=== Begin Enclosure ===

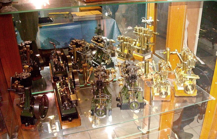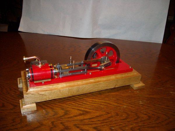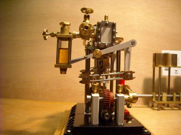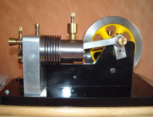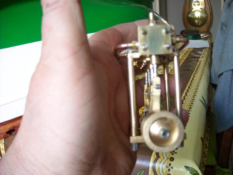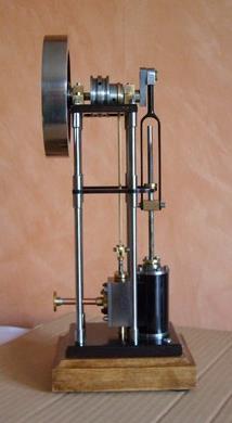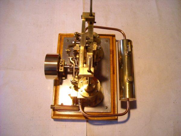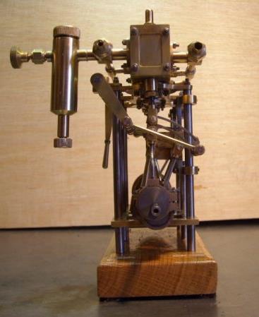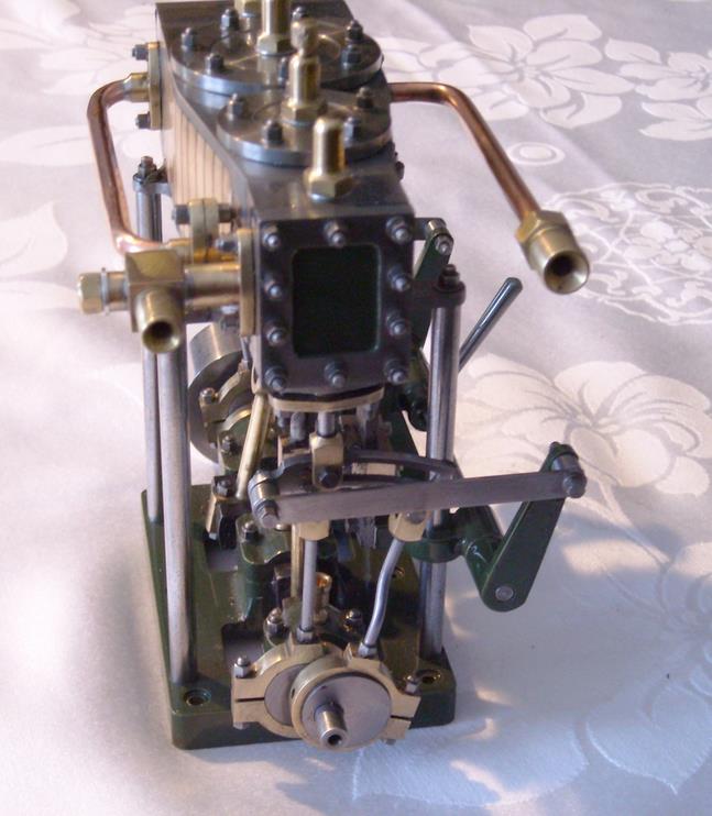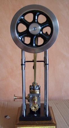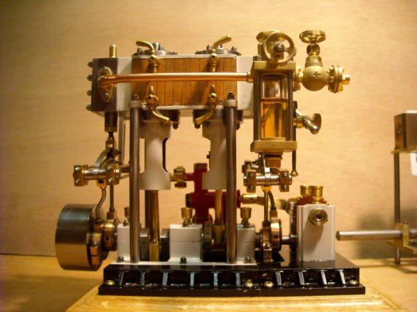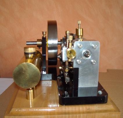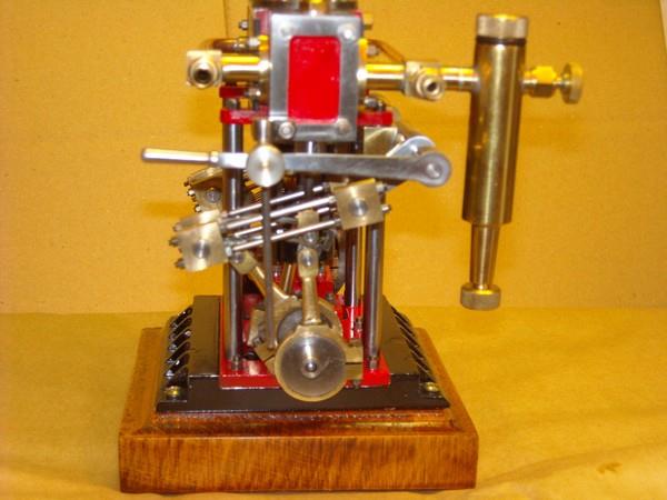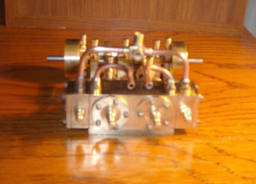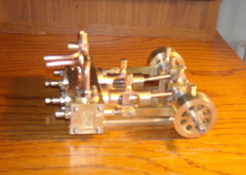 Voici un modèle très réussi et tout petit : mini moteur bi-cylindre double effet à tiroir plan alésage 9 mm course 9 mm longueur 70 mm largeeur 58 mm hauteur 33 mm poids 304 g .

=== End Enclosure ===
=== Begin Enclosure ===

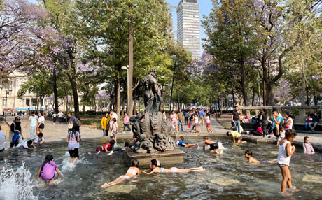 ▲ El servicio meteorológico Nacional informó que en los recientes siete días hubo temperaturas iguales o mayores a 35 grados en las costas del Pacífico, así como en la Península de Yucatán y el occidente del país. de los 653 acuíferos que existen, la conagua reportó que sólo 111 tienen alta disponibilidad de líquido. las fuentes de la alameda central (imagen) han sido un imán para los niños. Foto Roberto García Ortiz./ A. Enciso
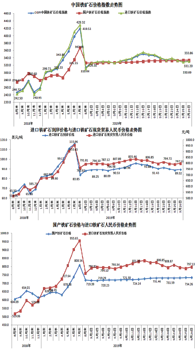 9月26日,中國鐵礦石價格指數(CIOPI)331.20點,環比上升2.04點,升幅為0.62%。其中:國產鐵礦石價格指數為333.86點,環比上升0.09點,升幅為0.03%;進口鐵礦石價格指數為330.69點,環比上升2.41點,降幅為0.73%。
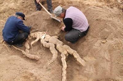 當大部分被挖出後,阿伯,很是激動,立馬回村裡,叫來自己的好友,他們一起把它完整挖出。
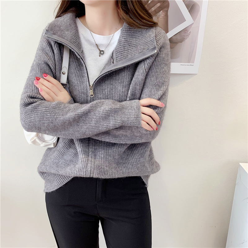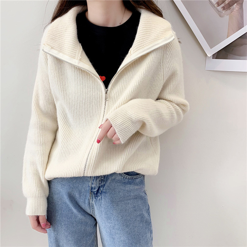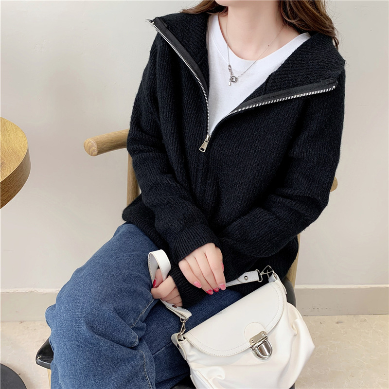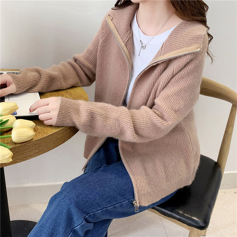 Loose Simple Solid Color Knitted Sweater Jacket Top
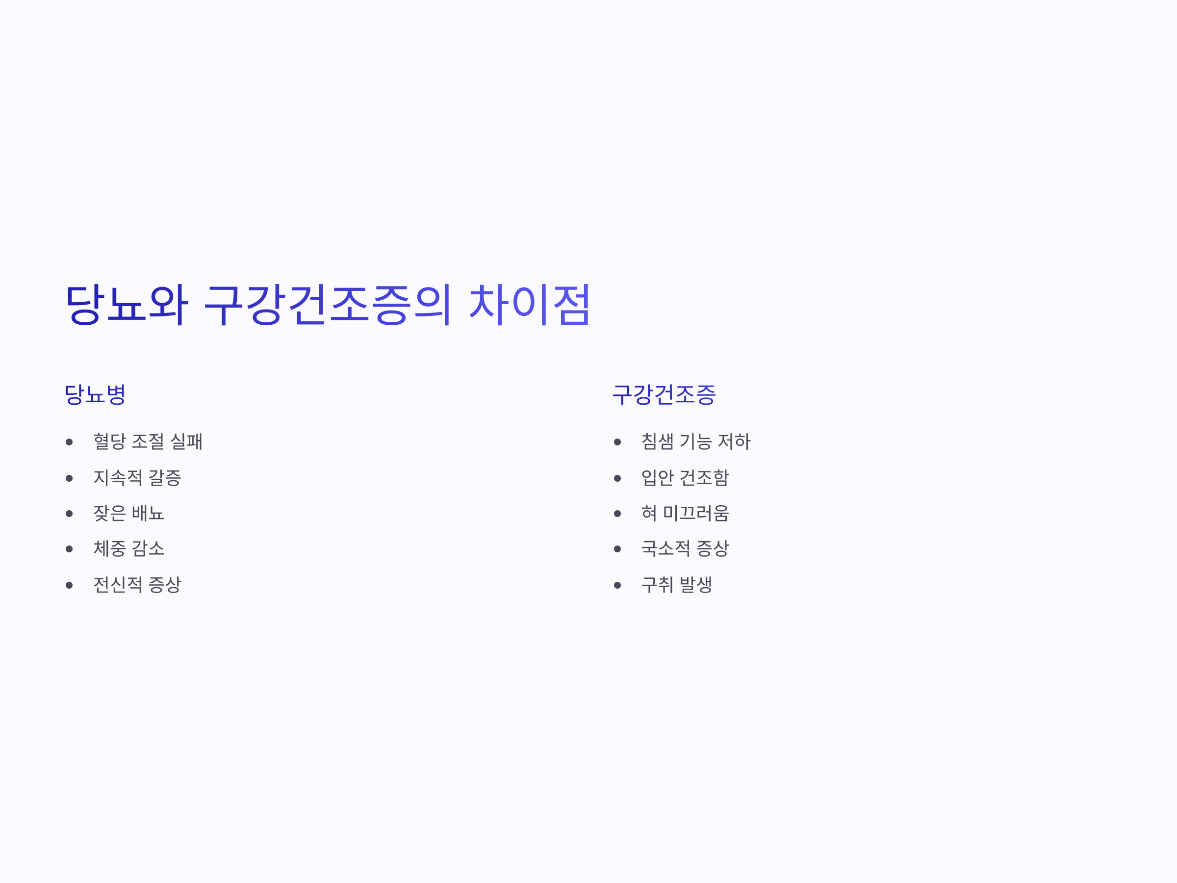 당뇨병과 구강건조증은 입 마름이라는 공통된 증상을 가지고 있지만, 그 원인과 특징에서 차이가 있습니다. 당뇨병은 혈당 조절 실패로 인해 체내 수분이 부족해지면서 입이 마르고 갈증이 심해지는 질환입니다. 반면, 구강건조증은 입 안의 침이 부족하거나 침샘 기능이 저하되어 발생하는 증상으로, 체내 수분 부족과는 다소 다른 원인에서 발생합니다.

=== End Enclosure ===

-- Work to be completed --
Every line from the one with "當大部分被挖出後,阿伯,很是" through the one with "당뇨병과 구강건조증은 입" is to be reproduced exactly as written above, and the pictures are to be dropped.

-- Output for this task --
 當大部分被挖出後,阿伯,很是激動,立馬回村裡,叫來自己的好友,他們一起把它完整挖出。
 Loose Simple Solid Color Knitted Sweater Jacket Top
 당뇨병과 구강건조증은 입 마름이라는 공통된 증상을 가지고 있지만, 그 원인과 특징에서 차이가 있습니다. 당뇨병은 혈당 조절 실패로 인해 체내 수분이 부족해지면서 입이 마르고 갈증이 심해지는 질환입니다. 반면, 구강건조증은 입 안의 침이 부족하거나 침샘 기능이 저하되어 발생하는 증상으로, 체내 수분 부족과는 다소 다른 원인에서 발생합니다.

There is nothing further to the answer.